В то время, когда Федя Лямкин и Саша Травкин из Пупска готовили прилюдную контркультурную акцию, шишоиды издевались и глумились над ними. Положение усугубил поливший дождь, который загнал всех в невнятновское бунгало. Под одним навесом расположились давно враждовавшие между собой алколавочники и клуб самопротестных художников Лямкина-Травкина. Их разногласия были непреодолимыми. Первые лакали самогон, а вторые обглатывались фенозепамом.
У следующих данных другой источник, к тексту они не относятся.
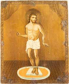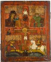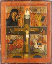 2900 IKONE MIT DER DARSTELLUNG DES PELIKANS VOR DEM KREUZ Ukraine, 19./20. Jh. Ölmalerei auf Leinwand auf Holz mit zwei Rückseiten-Sponki. 39 x 31,2 cm.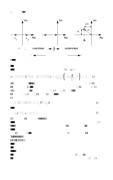 如图1.12所示方程式1.67的根lambda;可能会在水平坐标面上有相应的轨迹。在数值为正的角刚度的条件下,只有在特征方程的最后一项系数可以为负,这也是特征值类型有限的原因。我们将会在1.3.3节中看到,在低于非线性车轴特征峰值下的可能的负斜率可能会引起其他形式的不稳定运动,且该类运动会与两个正实数根或两个共享实数部分的共轭复数。对于线性车辆模型,在转向过度的情况下我们会有2个实数根,而在转向不足时,则会由一堆复数根。注意,在车辆低速状态下,转向不足的车辆,也可能会有一堆负实数根。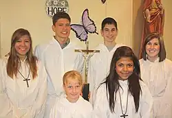 Un groupe de servants d'autel mixte.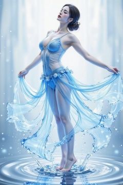 This is a highly detailed, digital artwork depicting a woman in a flowing dress made entirely of water. The woman's body is gracefully arched, with her arms extended outward and upwards, creating a sense of fluid motion. Her dress, which appears to be made of water droplets, billows and swirls around her, giving the illusion of a dynamic, ethereal dance. The dress is translucent, allowing glimpses of the woman's form beneath, which is slender and athletic.The background is a gradient of soft blues and whites, creating a cool, serene atmosphere that enhances the watery theme. The water droplets in the dress sparkle and glisten, catching the light and adding a sense of depth and texture. The droplets are depicted with a high level of realism, capturing the refractive quality of water and the way it reflects light.The overall style is highly detailed and photorealistic, with a focus on capturing the dynamic movement and fluidity of the water. The artwork evokes a sense of grace and beauty, with the woman's pose and the flowing dress creating a harmonious, almost otherworldly scene. The image is a blend of realism and fantasy, making it both captivating and visually stunning.

Лямкин страдал к тому же по своей тетке, ушедшей от него к шишоидам. Спермотоксикозный Лямкин с дружками усиленно готовился к несанкционированному восхождению на уже построенное броунолохранилище, разложив на земле железные цепи, веревки и пояса. Они жарко спорили, выдержит ли веревка, успеют ли стражи порядка и охранники. Иногда Лямкин зло поглядывал на свою бывшую тетку, которая безучастно смотрела на его манипуляции, положив голову на колени Шишова. Гадкое зрелище возбужденных наркотов очень не нравилось опившимся алкотам. Псевдовождистский вид Лямкина особо раздражал шишовское сознание и сильно портил ему праздничное настроение. Не выдержав массы альпинистских терминов, которые добросовестно извращал лямкинский разум, Шишов повел массивную психическую атаку на врагов истинного тунеядства. Сначала он стал извергать гадкие местоимения в направлении усеченновидных мозговых извилин своих псевдоантиподов. Потом Шишов приказал Шах Вали отобрать у Лямкина цепь и приковаться ею к жердям бунгало. Шах Вали обдуманно выполнил все четкие указания Шишова. Оставшиеся без средств производства масс-акции лямкинцы неумело пытались вернуть отобранное под злодейский хохот Шишова и отвратное бряцанье гитары музыканта-шишоида Муда с его мерзкими напевами злых песен о тех, кто не пройдет.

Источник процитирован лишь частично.